Sarah approached the table behind everyone else. Everyone stood a good four feet away form the table. Sarah was somewhat shocked at the figure on the table. It was male, with dark blond hair. Skinny, and and his skin was grey and chalky. He looked as if he had been no older than twelve. He was straining against the rope, leather, and iron constraints that wrapped around both arms, his neck, head, chest, waist, knees, and feet. He was snarling and wailing, his eyes unable to focus on the people staring down in contempt and horror at him.
Sarah stared at him for a full minute, feeling strange. She had never seen one tied up like this before. Her hand twitched angrily. She wanted so badly just to reach in her jacket, pull out her gun, and kill it right there, to end her own suffering in looking at it squirm. She took a deep breath, and tried to ignore her impulses. Timelyson was talking.
"He is approximately thirteen years of age at time of death. He was found alone in a garden shack during the second strike. Both parents caught the zombie virus, most likely from him." Timelyson took a needle from her coat. He reanimated approximately 100 hours ago. Decay is slower after the virus has set in. Blood has begun coagulating, and there are no signs yet of rigor mortis. She stepped up to the zombie and pushed the needle into his arm. The zombie either didn't notice, or the reaction was unintelligible from his already manic state. She pulled the plunger back, and a brown substance thickly oozed into the needle.
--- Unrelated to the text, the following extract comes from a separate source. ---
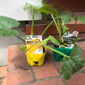 ズッキーニ料理が大好きな私 でもいつも苗を買いそびれていました 今年は二色のズッキーニ! 上手く育ちますように🙏 でも最近キタキツネ🦊出るのです 木酢酢撒かないとならないです☺️
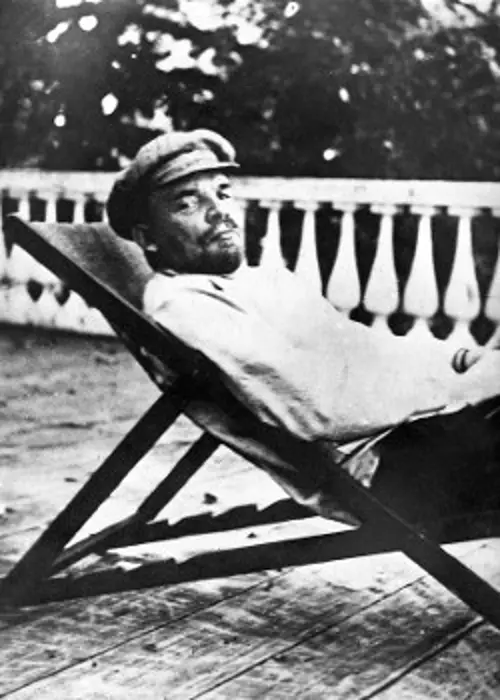 Ο ηγέτης επαναστάτης πάνω σε τεθωρακισμένο στις 25 Οκτώβρη 1917, όπως ζωγραφικά τον απέδωσε ο Μ. Μ. Μπερίγκοφ (1923)

She put the sample back into her pocket.
"We plan on a surgery tonight, which he has a 10 percent chance of surviving. We have already found that the only way to kill a reanimated corpse is to destroy its brain. This surgery's goal is to take a portion of the living brain in order to do some tests. We want to find out how the virus invades the brain."
Elliot nodded in approval. "Sounds good. Looks like you guys are making good use of this subject. Is that all then, Timelyson?"
"I believe so. I need to get this sample to the lab, and I'm sure you all have important things to be getting done."
Aimee Fritz looked up from the zombie for the first time since entering the room. "Uh, Timelyson. I was wondering if I could ask you some more detailed questions later, in your office, perhaps?"
"Of course, chief, just let me turn in this sample." Krissko opened the door and led the group back out to the corridor, leading them away from the nightmarish sounds coming from the creature.
Krissko and Aimee turned down a different hallway as Sarah and Elliot stepped onto the elevator. "You never really get used to the sounds those things can make." Elliot said as soon as the door closed. "It's pretty disconcerting knowing one of those things is writhing down there, right below us."
"That's not the part that bothers me." Sarah replied. "It's just the fact that it's alive, that no one is trying to actively kill it. It should be dead."
"Ha. You really are the perfect person for the job, eh Sarah?" The elevator door opened. "Well, don't let it bother you too much. There won't be any traces of the virus in a 500 mile radius by tonight, if the thing dies during surgery." With that, Elliot walked down the hallway, leaving Sarah to her own violent thoughts of coagulated blood and cold grey skin.